Copy out all the lines of the data precisely, omitting any pictures.

(Dataset content Opens)

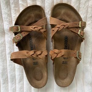 Birkenstock Tan Leather Sandals with Cute Braided detail
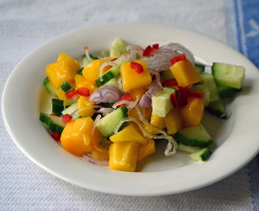 Mangosallad blir en fräsch, god och sötfruktig sallad, som gjord för de varma sommarkvällarna. Den passar perfekt till grillat fläskkött, gärna med en söt eller stark glaze.
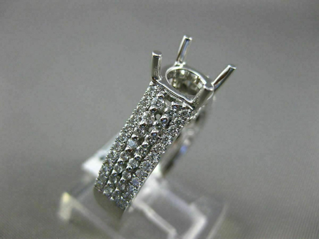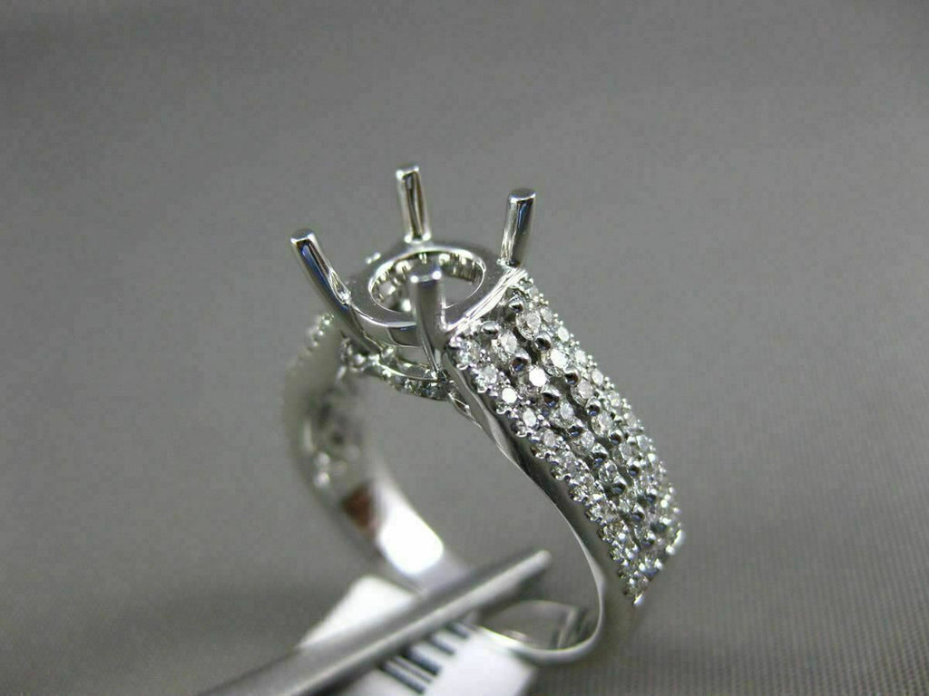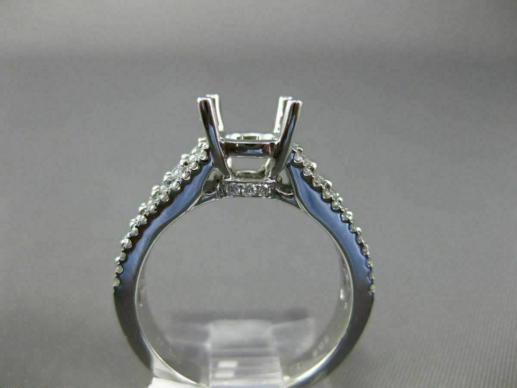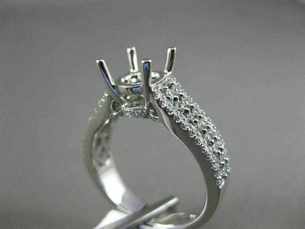 18KT WHITE GOLD SEMI MOUNT ENGAGEMENT RING. 3D MULTI ROW FOUR PRONG SEMI ETERNITY DESIGN. DIAMONDS ARE F/G COLOR, VSSI CLARITY .55 CARATS. FITS UP TO 6mm STONE. MEASURES 6mm WIDE. RING SIZE 6.50. CAN BE SIZED BY OUR MASTER JEWELER UPON REQUEST. WRITTEN APPRAISAL AVAILABLE. COMES IN A PRESENTABLE GIFT BOX
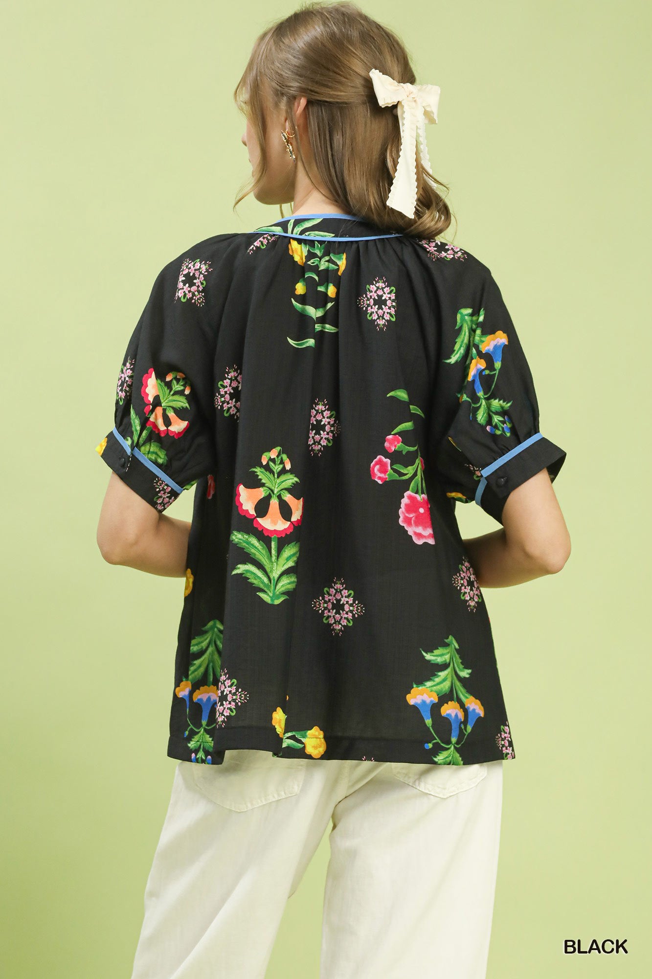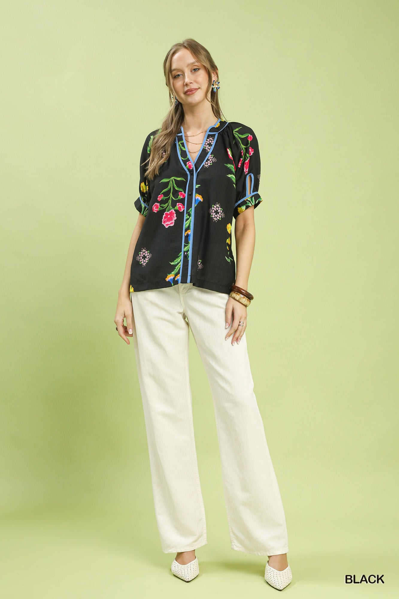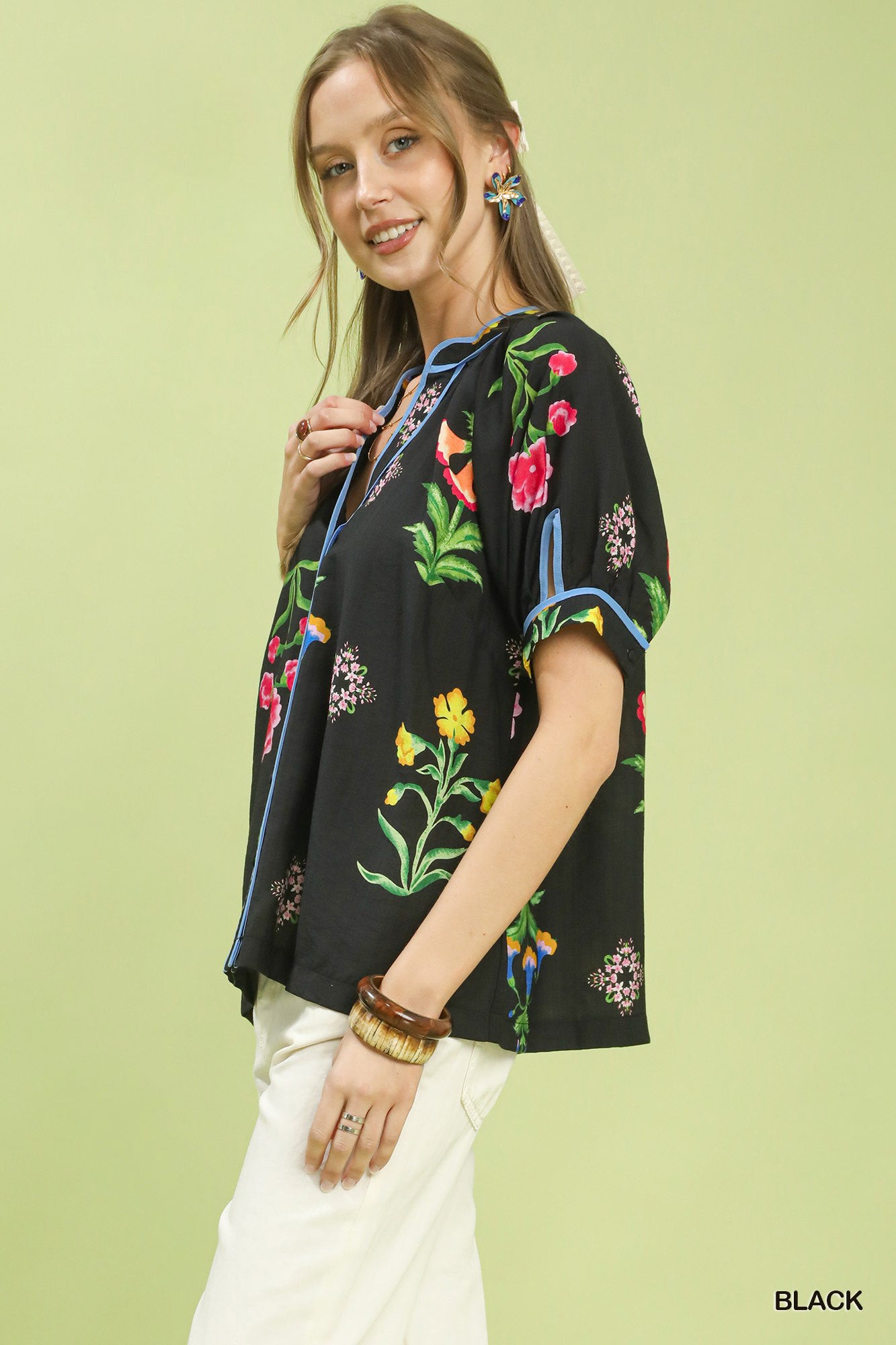 This Botanical Print Contrast Trim Button Blouse showcases a vibrant botanical floral print, accented with contrast blue trim along the neckline, placket and sleeves. It features a V‑notch collared neckline and short cuffed sleeves, with a button front design for easy wear. Unlined for a lightweight, breezy feel, it blends fresh botanical charm and refined contrast details into a versatile everyday blouse.

(Dataset content Closes)

*Solution to this task*
 Birkenstock Tan Leather Sandals with Cute Braided detail
 Mangosallad blir en fräsch, god och sötfruktig sallad, som gjord för de varma sommarkvällarna. Den passar perfekt till grillat fläskkött, gärna med en söt eller stark glaze.
 18KT WHITE GOLD SEMI MOUNT ENGAGEMENT RING. 3D MULTI ROW FOUR PRONG SEMI ETERNITY DESIGN. DIAMONDS ARE F/G COLOR, VSSI CLARITY .55 CARATS. FITS UP TO 6mm STONE. MEASURES 6mm WIDE. RING SIZE 6.50. CAN BE SIZED BY OUR MASTER JEWELER UPON REQUEST. WRITTEN APPRAISAL AVAILABLE. COMES IN A PRESENTABLE GIFT BOX
 This Botanical Print Contrast Trim Button Blouse showcases a vibrant botanical floral print, accented with contrast blue trim along the neckline, placket and sleeves. It features a V‑notch collared neckline and short cuffed sleeves, with a button front design for easy wear. Unlined for a lightweight, breezy feel, it blends fresh botanical charm and refined contrast details into a versatile everyday blouse.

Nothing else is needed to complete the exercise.